MNM Fatality – 2/22/21

On Feb. 22, 2021, a 26-year-old underground chute puller was fatally injured as a passenger of a rail-mounted locomotive when he was crushed between the deck of the locomotive and an overhead chute at a lead-zinc ore underground mine with 114 employees in Strawberry Plains, TN*.

Best Practices: 

  • Install controls such as rail stops at loading points, crossings, etc., where track equipment must stop. 
  • Install reflective signs or warning lights well in advance of low clearance areas to alert miners of the upcoming hazard.
  • Develop safe working procedures to avoid low clearance and pinch point areas.  Monitor workers to ensure these procedures are followed.
  • Always look in the direction the equipment is moving in, and keep all body parts within the operator’s compartment while a vehicle is moving.
  • Conduct proper travelway examinations to identify and mitigate the hazards presented by low clearances. 
  • Train all workers to recognize potential hazards and understand safe job procedures and tasks to eliminate hazards before beginning work.

Additional Information: 

This is the 4th fatality reported in 2021, and the third classified as “Powered Haulage.” *(details added by safeminers.com from MSHA data)

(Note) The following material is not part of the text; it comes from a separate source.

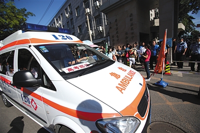 2015年6月7日,一輛120救護車在北京交通大學附屬中學高考考點外待命。新京報資料圖片

Click here for: Preliminary Report (pdf), final report (pdf).

MNM Fatality – 2/8/21

On February 8, 2021, a 38 year old ground man* was fatally injured when he became entangled in a fluted tail pulley while attempting to shovel under an adjacent fluted tail pulley at a limestone min in Potosi, MO with 12 employees*.

Best Practices: 

  • Design, install, and maintain area guards with signage and locks in addition to the physical barrier.  Find more information on area guarding at https://www.msha.gov/guarding-slide-presentation-guarding-conveyor-belts-metal-and-nonmetal-mines.
  • Design and maintain secure guards so miners can perform routine maintenance on belt conveyor systems without contacting moving machine parts.
  • Do not perform work on a belt conveyor until the power is off, locked out and tagged, and machinery components are blocked against motion.
  • Never clean pulleys or idlers manually while belt conveyors are operating.
  • Establish policies and procedures for conducting specific tasks on belt conveyors.
  • Ensure that people assigned to work on belt conveyors are task trained, understand the associated hazards, and demonstrate safe work procedures before beginning work.
  • Ensure all new miners receive new miner training and task training.

Additional Information: 

This is the third fatality reported in 2021, and the second classified as “Powered Haulage.” *(details added by safeminers.com from MSHA data)

Click here for: Preliminary Report (pdf), Final Report (pdf).

MNM Fatality – 1/19/21

On Jan. 19, 2021, a miner (a haul truck driver with 15y 42w mining experience, 07 42w at this task and mine in Orem, UT with 40 employees*) backed a haul truck to the edge of a dump point that was over steepened by a loader removing material at the bottom of the slope. When the edge of the bank failed, the haul truck traveled backwards and overturned, landing on the roof of the cab. The miner was fatally injured.

Best Practices: 

  • Always dump material in a safe location. If ground conditions aren’t reliable, dump loads a safe distance back and push the material over the edge.
  • Never load material from the toe directly below an active dump point. This may lead to an over steepened and unstable slope.
  • Never drive haul trucks beyond cracks on the top of the dump site.
  • Always construct substantial berms as a visual indicator to prevent overtravel. Clearly mark dump locations with reflectors and/or markers.
  • Always wear a seatbelt.
  • Install advanced systems that restrain miners during roll-overs.
  • Maintain communication between equipment operators and loaders.
  • Train miners to use safe dumping procedures and recognize dumping hazards such as material slides and other unsafe conditions.

Additional Information: 

This is the second fatality reported in 2021, and the first classified as “Powered Haulage.” *(details added by safeminers.com from MSHA data)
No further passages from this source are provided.